VAT for a coffee shop?

Discussion in 'Accounts & Finance' started by avalore, Oct 3, 2008.

  1. avalore

    avalore UKBF Regular Free Member

    Posts: 68 Likes: 7
    I seem to remember reading somewhere that coffee is zero rated? Is this right?

    Also, for example, if I open a coffee shop and also sell muffins, cake, pastries, juice, smoothies etc....what will I have to charge VAT on?

    If its all zero rated and I break the VAT threshhold do I still have to register and can I still claim VAT on purchases even though I'm not having to charge customers VAT?

    Not really sure how this side of it works?
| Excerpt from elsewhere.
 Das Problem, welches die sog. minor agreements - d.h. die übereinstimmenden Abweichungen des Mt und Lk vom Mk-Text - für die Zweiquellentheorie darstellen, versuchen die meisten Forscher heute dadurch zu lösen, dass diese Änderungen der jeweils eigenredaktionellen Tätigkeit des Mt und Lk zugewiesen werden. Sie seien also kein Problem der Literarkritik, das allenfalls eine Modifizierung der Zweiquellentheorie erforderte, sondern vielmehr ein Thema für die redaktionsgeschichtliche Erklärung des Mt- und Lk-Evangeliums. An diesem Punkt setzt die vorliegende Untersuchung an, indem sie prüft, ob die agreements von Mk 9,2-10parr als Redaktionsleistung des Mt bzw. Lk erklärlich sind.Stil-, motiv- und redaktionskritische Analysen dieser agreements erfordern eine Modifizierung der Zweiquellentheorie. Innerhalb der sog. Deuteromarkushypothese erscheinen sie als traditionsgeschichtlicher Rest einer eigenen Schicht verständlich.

    Thanks for your help :)
    Posted: Oct 3, 2008 By: avalore Member since: May 12, 2008
    #1
  2. David Griffiths

    David Griffiths UKBF Regular Moderator

    Posts: 10,153 Likes: 3,226
    You charge VAT on everything that is consumed on the premises - hot or cold - as that is a supply in the course of catering, which is standard rated.
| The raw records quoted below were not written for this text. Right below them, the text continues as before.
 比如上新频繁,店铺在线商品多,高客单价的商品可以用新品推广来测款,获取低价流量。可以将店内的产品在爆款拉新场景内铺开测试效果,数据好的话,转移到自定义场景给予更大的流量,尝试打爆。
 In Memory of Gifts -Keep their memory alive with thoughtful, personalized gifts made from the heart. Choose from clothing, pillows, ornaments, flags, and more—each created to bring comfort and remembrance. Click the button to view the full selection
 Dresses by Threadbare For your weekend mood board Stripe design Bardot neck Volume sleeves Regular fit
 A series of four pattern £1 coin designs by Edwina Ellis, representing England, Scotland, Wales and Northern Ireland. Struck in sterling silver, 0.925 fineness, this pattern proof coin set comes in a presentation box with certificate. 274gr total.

    If you sell items that people can take away to eat, then it remains standard rated if it is sold hot (there is an exception for something like a freshly baked loaf or pie).

    Some cold items that you sell to eat away from the premises are zero rated, such as sandwiches, cakes etc. Others are standard rated, such as confectionery, chocolate biscuits, most drinks.

    Coffee sold as a hot drink is standard rated. If you sell coffee beans, or roast or ground coffee for customers to take home, that's zero.

    You almost certainly need to look at the VAT guidebooks and/or talk to somebody who knows the rules.

    (That's the situation once you exceed the VAT registration limit of £67,000. Before then, of course, you don't pay the VAT)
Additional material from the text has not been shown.